Eystein Jansen (born 28 February 1953) is a Norwegian professor in marine geology and paleoceanography at the University of Bergen, and researcher and former Director of the Bjerknes Centre for Climate Research (BCCR). He is also the vice-president of the European Research Council (ERC), as the scientific leader of the EU's commitment to basic research in the fields of physical sciences and engineering.

==Biography==

Jansen graduated from the University of Bergen with a MSc-degree in paleoceanography in 1981, and a PhD degree in 1984 with a thesis entitled Late Weichselian paleoceanography in the Nordic Seas.

After his PhD Jansen was given a researcher position and charged with building up the National Laboratory for light stable isotope geochemistry at the University of Bergen, which was established in 1983. The establishment of the laboratory brought Jansen into contact with many of the leading figures internationally in the emerging field of paleoclimatology, and in particular his close contact with University of Cambridge scientist Nicholas Shackleton became formative for his career. In 1985 Jansen was hired as tenured associate professor at the University of Bergen, and in 1993 he was promoted to full professor.

Jansen has published about 200 scientific papers on the relationship between ocean circulation and climate change with emphasis on the build-up and demise of ice sheets. Most of his studies are from the Arctic and sub-Arctic regions, but his work also encompasses oceans in the Southern Hemisphere and the tropics. His work combines geochemical and sedimentological methods on ocean sediments acquired through active participation the Ocean Drilling Program, the Images program and many cruises on Norwegian vessels. In 2014 Jansen received an ERC Synergy Grant (ice2ice) to work with three other principal investigators on abrupt climate change.

Jansen initiated and headed the Bjerknes Centre for Climate Research as Director from its founding in 2000 to 2013. The Centre was awarded status as Norwegian Centre of Excellence by the Norwegian Research Council in 2002.

He is a member of the Scientific Council of the European Research Council, he is the Academic Director of the Academia Europaea Bergen Knowledge Hub, and heads the Geoscience group of the Norwegian Academy of Science and Letters.

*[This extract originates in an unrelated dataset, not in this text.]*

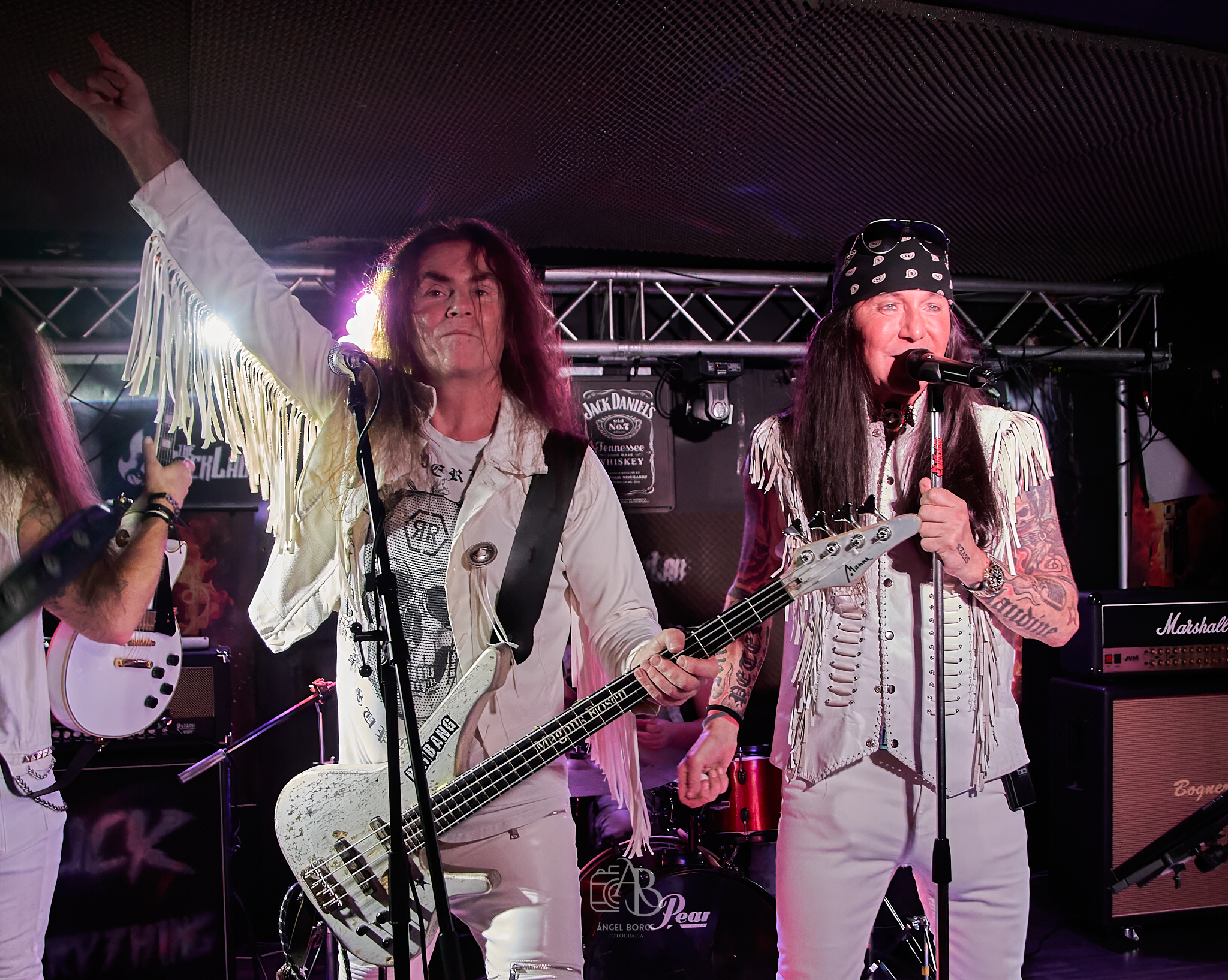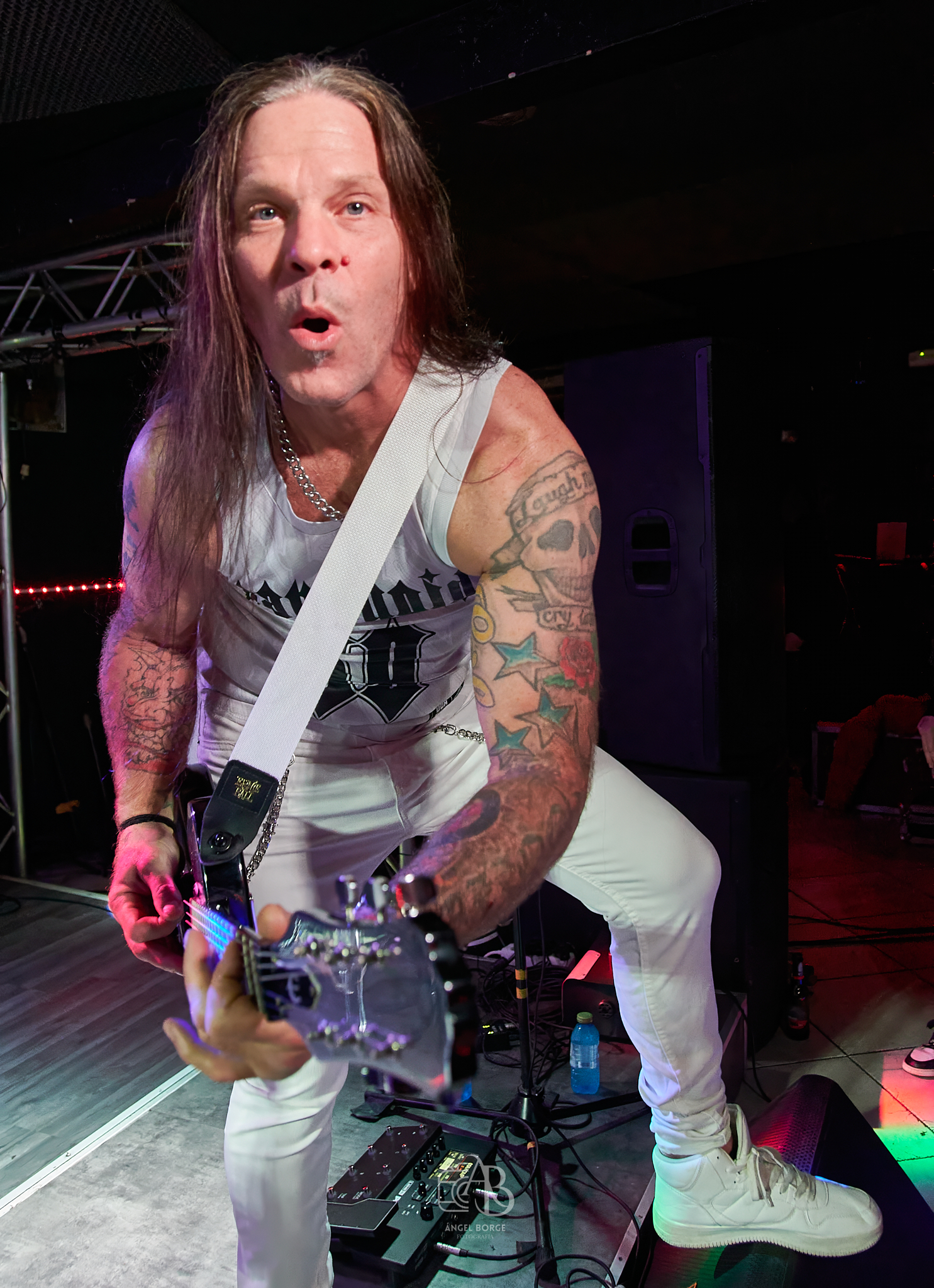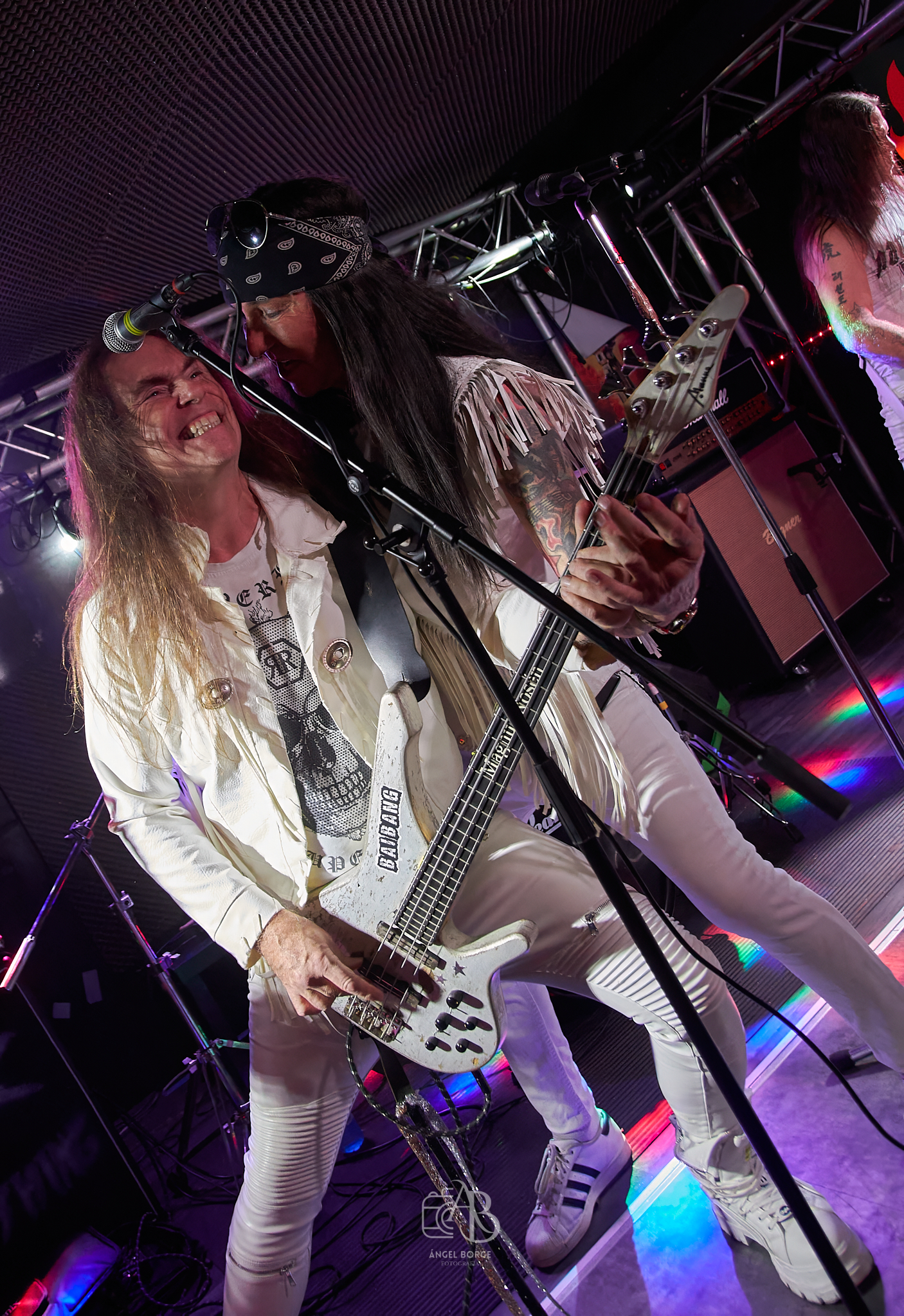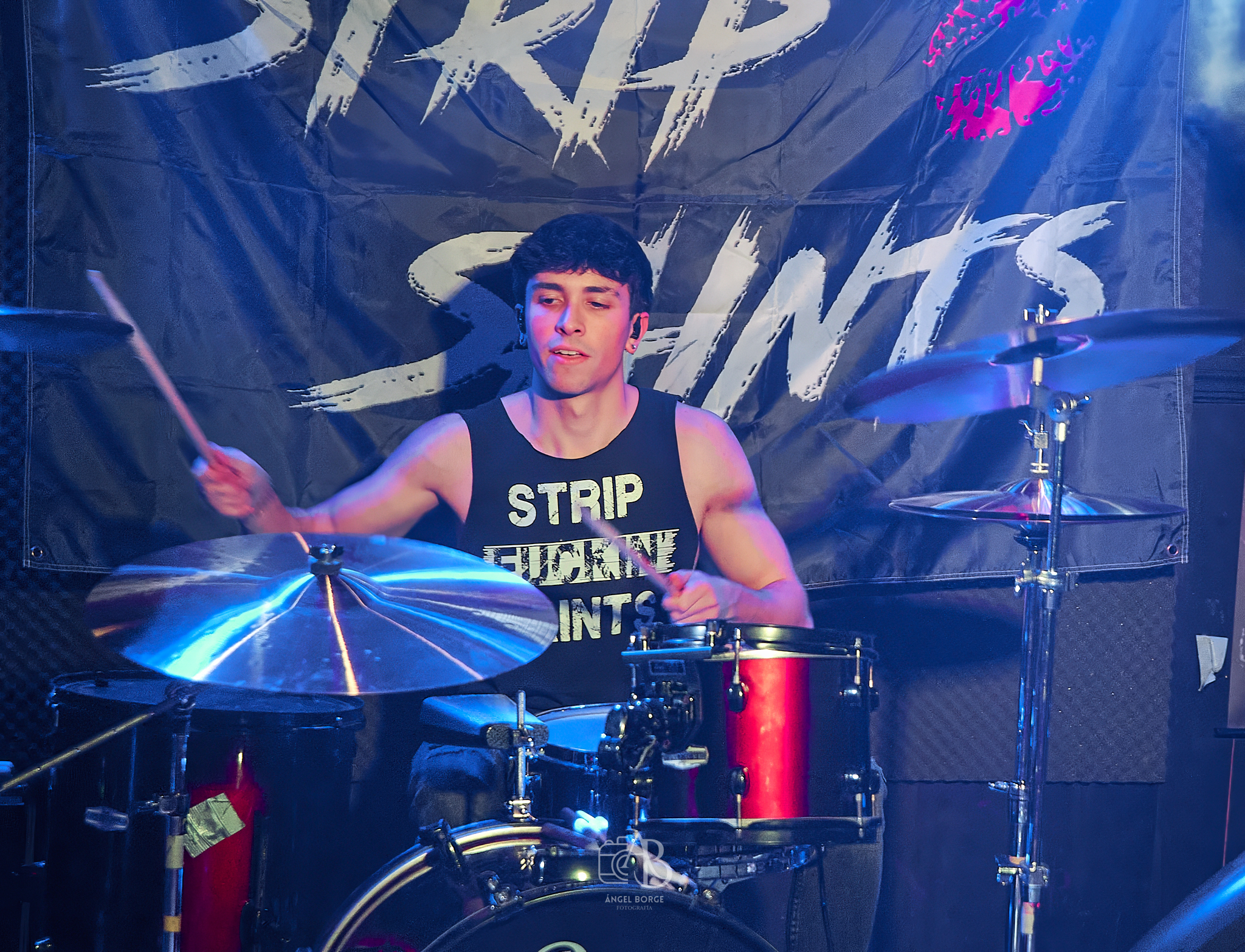 Una vez llegada la hora anunciada sobre las 22:30, se subieron al escenario los chicos de STRIP SAINTS formado el cuarteto por Adri Rodríguez a la batería, Jorge Teclarra al bajo, Tommy Guns y Rikky Lizz tanto a las guitarras como a las voces (siendo la voz principal del combo Rikky) conformándose así un grupo tremendamente joven pero con amplia experiencia, ya que lleva unos cuantos años ofreciendo un Hard Rock & Sleazy Metal con gran influencia de bandas de los ochenta contando STRIP SAINTS con un EP llamado Wild N’ Free, el cual contiene cuatro canciones y que vio la luz en el 2019 lanzando el grupo posteriormente singles el último de ellos este mismo año.

Jansen is also co-director of the SapienCE Centre which is a Norwegian Centre of Excellence awarded by the Norwegian Research Council in 2017, and hosted by the University of Bergen, integrating archaeology, climate science and cognitive and neurosciences in studies of the emergence of modern behaviour in Homo sapiens in Southern Africa 120,000–50,000 years ago.

Jansen was a co-ordinating lead author for the paleoclimate chapter of the IPCC Fourth Assessment Report and was one of the lead authors of the IPCC Fifth Assessment Report.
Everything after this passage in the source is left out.